Computing von Mangoldt sieve up to N = 5000 ...
  Done in 0.01s. psi(5000) = 4997.9597  (ref: 5000.0)

Computing E(x; q) for q = 2 to 253 ...
  Done in 0.16s

Computing S(theta) over 60 theta values ...
  Done.

Figure 1 saved.

Computing 3D surface E(x; q) over grid (q, x) ...
  3D grid done.

Figure 2 (3D) saved.

=== Numerical Summary ===
x = 5000,  psi(x) ≈ 4997.96
BV threshold: x^0.5 = 70
S(0.50) / (x/log x) = 3.5807
S(0.60) / (x/log x) = 8.4866
Max E(x;q) for q <= x^0.5: 48.2105
Max E(x;q) for q >  x^0.5: 45.6235

Conclusion

This numerical experiment gives a concrete feel for the level of distribution concept in sieve theory.
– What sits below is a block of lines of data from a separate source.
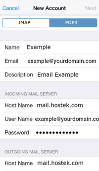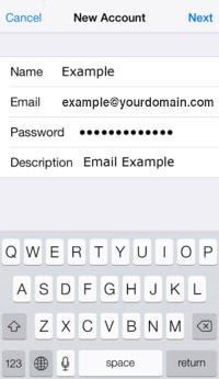 - Tap "Next" in the upper right corner to advance to the detailed account information screen.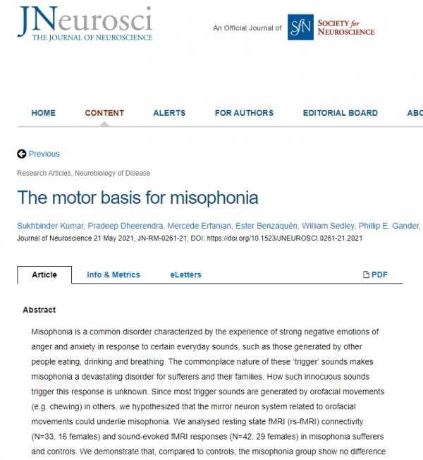 최근 진행한 연구 결과를 바탕으로 영국 뉴캐슬 대학 연구팀이 "미소포니아를 앓는 사람은 안면 운동을 관장하는 뇌 영역이 일반인보다 강하게 반응한다"고 밝혔다. 논문은 국제학술지 '신경과학저널'(Journal of Neuroscience)에 게재됐다.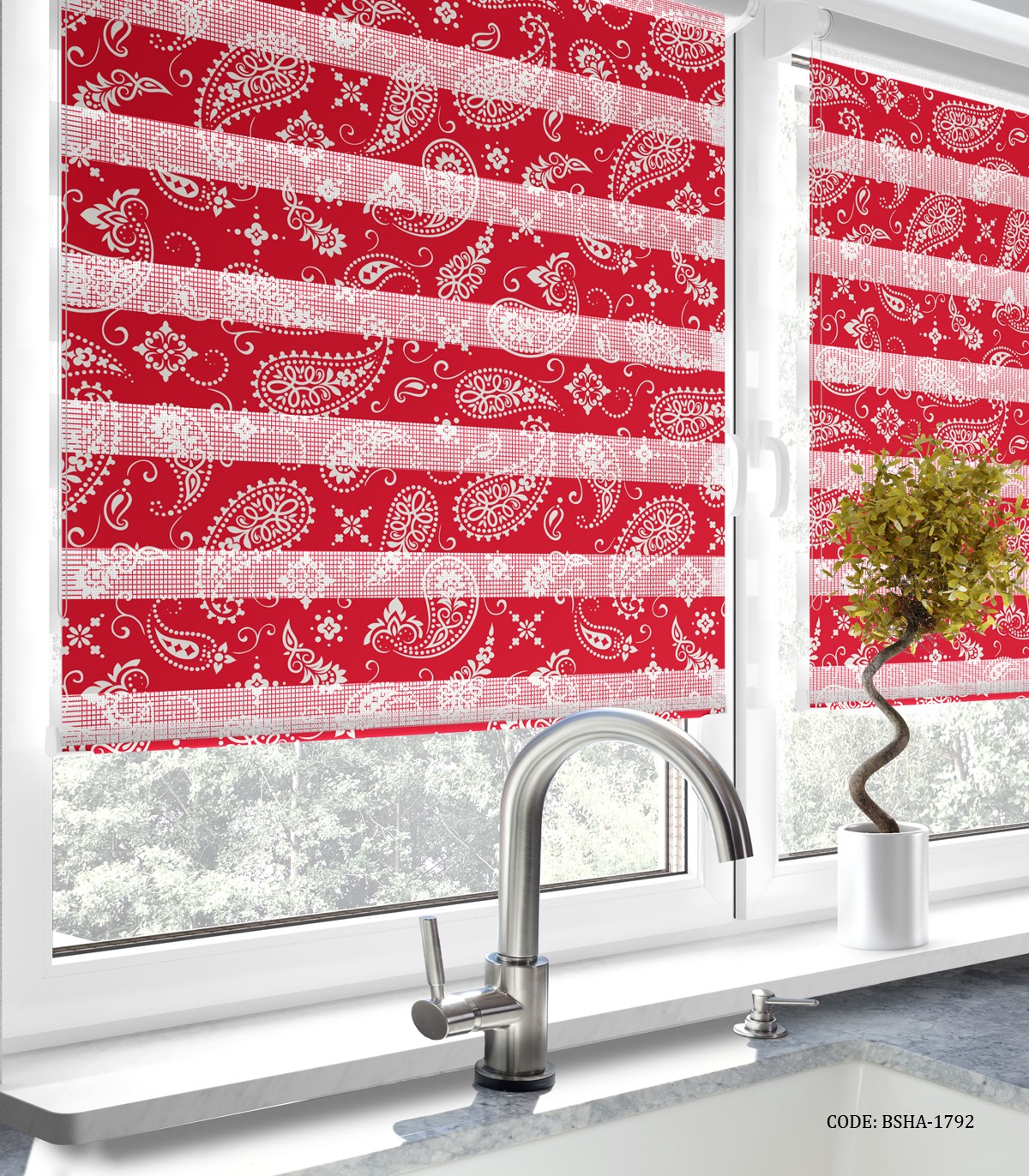 پرده زبرا آشپزخانه طرح ترنج زمینه قرمز

The Bombieri–Vinogradov theorem guarantees controlled average error up to $\theta = 1/2$; our plots show exactly where this control starts to loosen. The Elliott–Halberstam conjecture — that $\theta$ can be pushed arbitrarily close to 1 — remains one of the central open problems in analytic number theory, with profound implications: it would, for instance, imply a bounded gap between primes in a very strong quantitative form.